> _WORK ITEM_:
Your answer must be the exact lines below, starting with the line with "河辺 こはぬさんの総格は38画の4点!" and going on through the line with "À peine la porte", both included, with no pictures.

> _EXERCISE DATA_:

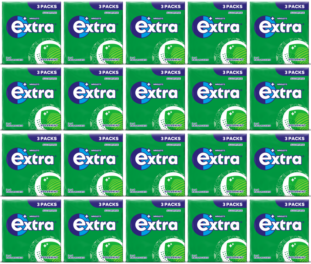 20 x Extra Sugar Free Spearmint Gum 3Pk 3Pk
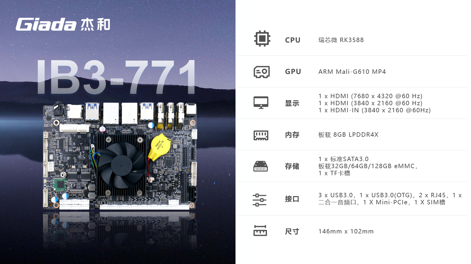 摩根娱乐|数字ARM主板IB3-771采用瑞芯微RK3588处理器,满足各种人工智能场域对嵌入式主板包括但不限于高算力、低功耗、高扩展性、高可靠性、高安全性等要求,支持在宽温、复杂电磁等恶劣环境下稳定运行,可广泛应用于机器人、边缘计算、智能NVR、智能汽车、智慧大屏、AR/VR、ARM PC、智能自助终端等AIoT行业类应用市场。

---

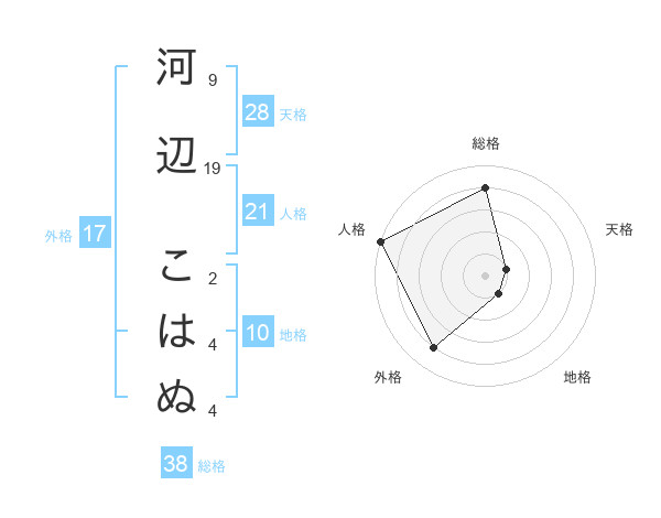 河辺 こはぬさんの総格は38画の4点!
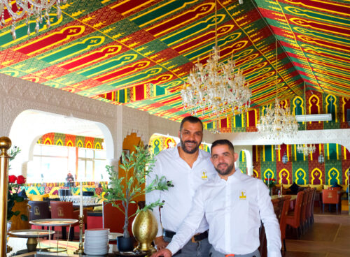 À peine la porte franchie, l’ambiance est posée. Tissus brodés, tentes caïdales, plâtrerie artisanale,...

---

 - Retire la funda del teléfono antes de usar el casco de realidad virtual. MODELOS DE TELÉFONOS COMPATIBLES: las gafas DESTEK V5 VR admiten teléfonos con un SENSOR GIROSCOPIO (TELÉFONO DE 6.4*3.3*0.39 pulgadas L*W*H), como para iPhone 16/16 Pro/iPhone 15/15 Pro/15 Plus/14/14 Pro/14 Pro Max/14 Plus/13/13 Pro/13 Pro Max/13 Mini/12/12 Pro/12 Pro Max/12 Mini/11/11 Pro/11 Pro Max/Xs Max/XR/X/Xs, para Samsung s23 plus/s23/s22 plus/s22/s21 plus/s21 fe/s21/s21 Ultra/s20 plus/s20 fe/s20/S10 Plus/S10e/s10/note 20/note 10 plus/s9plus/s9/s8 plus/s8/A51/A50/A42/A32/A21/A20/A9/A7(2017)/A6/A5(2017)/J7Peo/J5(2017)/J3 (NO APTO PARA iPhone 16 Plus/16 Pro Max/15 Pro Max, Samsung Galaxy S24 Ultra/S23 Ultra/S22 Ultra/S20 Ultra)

> _EXERCISE OUTPUT_:
 河辺 こはぬさんの総格は38画の4点!
 À peine la porte franchie, l’ambiance est posée. Tissus brodés, tentes caïdales, plâtrerie artisanale,...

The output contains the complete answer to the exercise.